[[ Given material, beginning ]]

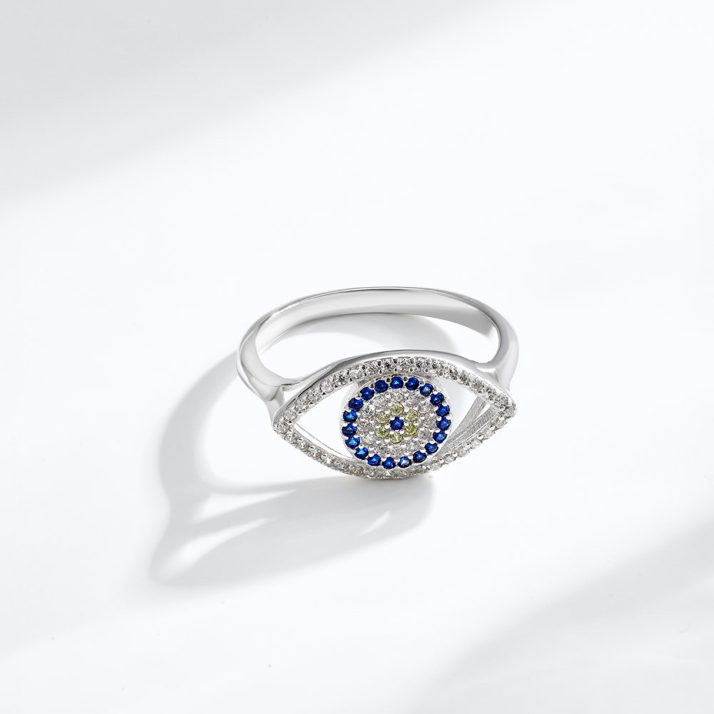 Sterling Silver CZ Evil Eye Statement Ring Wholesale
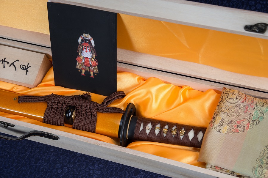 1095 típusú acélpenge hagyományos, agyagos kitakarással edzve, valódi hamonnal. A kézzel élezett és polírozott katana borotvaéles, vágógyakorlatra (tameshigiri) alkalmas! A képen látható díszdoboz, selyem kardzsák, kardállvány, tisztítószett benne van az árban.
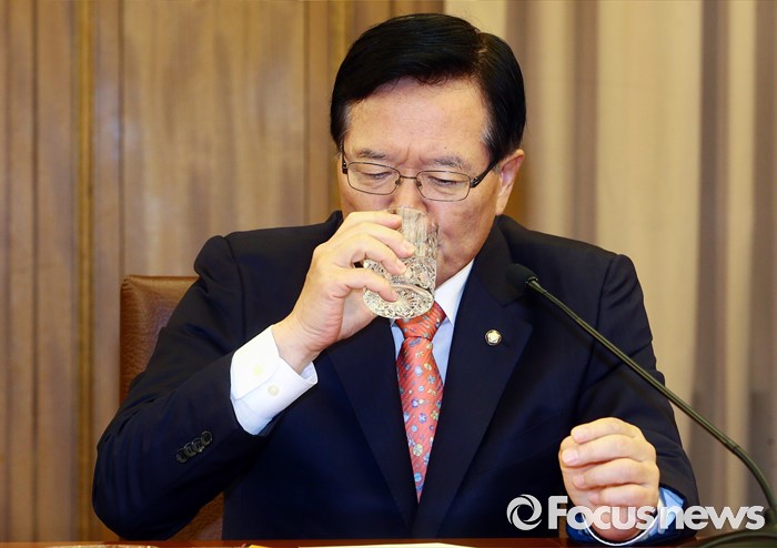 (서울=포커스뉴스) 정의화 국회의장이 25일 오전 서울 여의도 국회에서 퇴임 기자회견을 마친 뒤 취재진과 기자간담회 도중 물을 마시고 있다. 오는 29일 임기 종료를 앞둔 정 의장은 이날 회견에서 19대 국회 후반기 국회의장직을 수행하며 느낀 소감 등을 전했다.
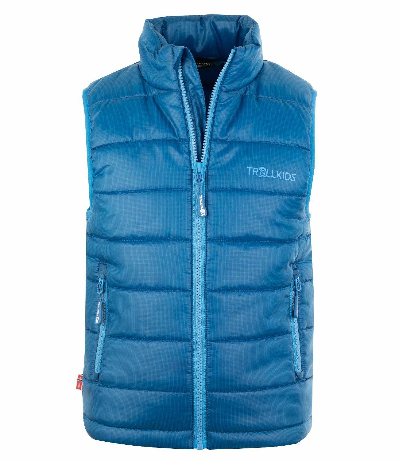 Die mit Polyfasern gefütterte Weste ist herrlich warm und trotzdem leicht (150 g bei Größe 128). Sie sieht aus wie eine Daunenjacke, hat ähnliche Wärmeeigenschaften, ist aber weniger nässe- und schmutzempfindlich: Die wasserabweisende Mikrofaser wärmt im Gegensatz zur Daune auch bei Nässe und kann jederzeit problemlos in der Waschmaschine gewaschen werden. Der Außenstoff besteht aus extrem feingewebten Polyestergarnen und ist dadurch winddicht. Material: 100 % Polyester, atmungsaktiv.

[[ Given material, end ]]

## Your goal
Exactly repeat every line from the line that includes "1095 típusú acélpenge" to the end of the listing, and nothing else, leaving pictures out.

## Written response
 1095 típusú acélpenge hagyományos, agyagos kitakarással edzve, valódi hamonnal. A kézzel élezett és polírozott katana borotvaéles, vágógyakorlatra (tameshigiri) alkalmas! A képen látható díszdoboz, selyem kardzsák, kardállvány, tisztítószett benne van az árban.
 (서울=포커스뉴스) 정의화 국회의장이 25일 오전 서울 여의도 국회에서 퇴임 기자회견을 마친 뒤 취재진과 기자간담회 도중 물을 마시고 있다. 오는 29일 임기 종료를 앞둔 정 의장은 이날 회견에서 19대 국회 후반기 국회의장직을 수행하며 느낀 소감 등을 전했다.
 Die mit Polyfasern gefütterte Weste ist herrlich warm und trotzdem leicht (150 g bei Größe 128). Sie sieht aus wie eine Daunenjacke, hat ähnliche Wärmeeigenschaften, ist aber weniger nässe- und schmutzempfindlich: Die wasserabweisende Mikrofaser wärmt im Gegensatz zur Daune auch bei Nässe und kann jederzeit problemlos in der Waschmaschine gewaschen werden. Der Außenstoff besteht aus extrem feingewebten Polyestergarnen und ist dadurch winddicht. Material: 100 % Polyester, atmungsaktiv.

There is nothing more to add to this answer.